Prospective observational design from a single University Hospital. Twenty-four hour urine for catecholamines and plasma for free metanephrines were collected from patients with a clinical suspicion of pheochromocytoma or paraganglioma. Patient records were reviewed for clinical data, follow-up, imaging and laboratory results to establish or exclude the diagnosis of pheochromocytoma.

Patients and methods

Out of 178 consecutive patients, 10 had a paraganglioma and 12 had a pheochromocytoma: 156 were finally judged not to harbour active tumors and were therefore considered as controls. The main outcome measure was the diagnosis or exclusion of paraganglioma or pheochromocytoma and test characteristics of plasma-free metanephrines measured by EIA.

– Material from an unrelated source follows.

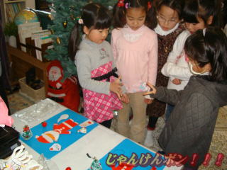 ゲームは「ビンゴ」から始まって・・・ 「文字あてゲーム」 幹事さんが、二人一緒に、一文字ずつ「い」「え」と言って、みんなが「いえ」と言った言葉を当てる。 二人一緒に言うので・・ geko先生や森ちゃん先生は全く分からない〜〜??? でも、生徒さん達は、お耳が良いの、すぐに「ハイ!」と手を挙げる。 見事に正解○ これには、ビックリ!! だんだん人数も増やして、最後は5人で一緒に言う。 「ゆきだるま」「オーケストラ」「サンタクロース」「ソフトクリーム」・・・etc 生徒さん達、またまた見事に正解!! 先生たちは一つもわかりましぇ〜〜んo(TヘTo) くぅ やはり、若さでしょうかヾ(@^▽^@)ノわはは 次に「じゃんけんゲーム」 チームを二つに分けて、じやんけんに勝つと ピースを一つゲットできる。 サンタさんの洋服を着せてプレゼントを持って出来上がり! という仕組み〜。 教室に「最初はグー、じゃんけんポン」 の声が響き渡る。 いや〜〜、みんな元気だったね。 結果は、サンタクロースと、ツリーと二つあったので、引き分けでした。 と和やかな雰囲気で、ゲームも終わり、 最後の歌「赤鼻のトナカイさん」 ハイテンションの生徒さんに引っ張られ(笑)、とってもとっても元気溢れる歌が教室に響き渡った。 そしてgeko先生の挨拶 「今年は、これからクリスマス、そしてお正月・・・」と言った途端 大きな声で「発表会もあるよ!!」と5歳の可愛い生徒さんが言った。 geko先生もビックリ!! 小さいのにもう来年の発表会を自覚している、凄〜〜い!! すかさず・・ 「そうね、来年は発表会があるから、一生懸命に練習頑張ってね♪」と言うと・・ 全員「は〜〜い!!」 みなさ〜〜ん、この言葉を忘れず・・・先生と一緒に頑張ろうね♪ そして 最後に幹事さんが「これでクリスマス会を終わりにします」で終了! 今年も笑顔いっぱいの楽しいクリスマス会だったね。 幹事さんご苦労様でした。" ゚☆,。・:*:・゚★o(´▽`*)/♪Thanks♪\(*´▽`)o゚★,。・:*:・☆゚" |

Urinary epinephrine had a sensitivity of 45.5% and norepinephrine a sensitivity of 75% (98.8% specificity) for the diagnosis of pheochromocytoma. Plasma-free metanephrine and normetanephrine both had a sensitivity of 66.7% and a specificity of 100%, but when combined (either positive) they demonstrated a 91.7% sensitivity with a preserved specificity of 100%. For the diagnosis of paraganglioma, urinary norepinephrine gave slightly better results than plasma-free metanephrines, but combined testing was of no additional value.


Plasma-free metanephrines measured by EIA have better diagnostic test characteristics than urinary catecholamines in the diagnosis of pheochromocytoma. The EIA offers a simple and effective measurement of plasma-free metanephrines.